Asher lachte, „Und wie kannst du wissen, dass es eine Frau ist?"
„Weil ich dich kenne, Asher. Du würdest niemals nach einem Mann suchen," kicherte sie. „Sie muss eine Schönheit sein, wenn sie dein Interesse so geweckt hat. Ich habe noch nie gesehen, dass du dich für Menschen interessierst, also muss sie außergewöhnlich sein, wenn sie die Aufmerksamkeit eines Schönheitsliebhabers wie dir auf sich gezogen hat."
„Komischerweise ist sie nicht einmal wirklich schön, geschweige denn atemberaubend."
Anita starrte ihn an, als würde sie es nicht verstehen, „Warum versuchst du dann, sie zu finden? Mit der Beschreibung, die du gegeben hast, ist sie der Typ, dem du normalerweise keinen zweiten Blick schenken würdest."

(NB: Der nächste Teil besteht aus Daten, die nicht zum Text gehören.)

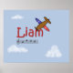O nome de Liam é escrito em notas musicais no céu azul com nuvens brancas puffy. Os fundos e nomes são intercambiáveis. Arte e layout de Deborah Miller
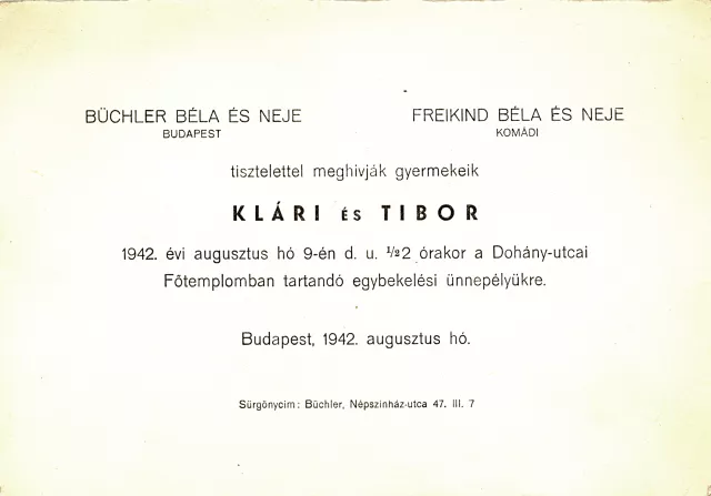 Dr. Forgács Tibor és felesége esküvői meghívója

Asher zuckte mit den Schultern, „das ist das Seltsame, aber es gibt etwas an ihr, das ich nicht ganz fassen kann. Ich weiß, dass ich es nur verstehen kann, wenn ich sie wiedersehe oder vielleicht etwas Zeit mit ihr verbringe."
„Dann, wie können wir sie finden? Was ist ihr Name, ihr Alter, und gib mir eine genauere Beschreibung, wie Größe, Haarfarbe, Augenfarbe und so weiter."
„Ich erinnere mich deutlich daran, dass er sie Naomi nannte. Sie hat wirklich dunkles Haar und haselnussbraune Augen, und ihre Augen sind wunderschön, das weiß ich sicher. Und sie sollte um die siebzehn oder achtzehn Jahre alt sein."
„Ein Teenager?"
„Ja."
„Warum hast du das nicht gleich gesagt," Anita verdrehte die Augen, „jeder weiß, dass es nur einen Ort gibt, an dem man menschliche Teenager findet: Die Highschool."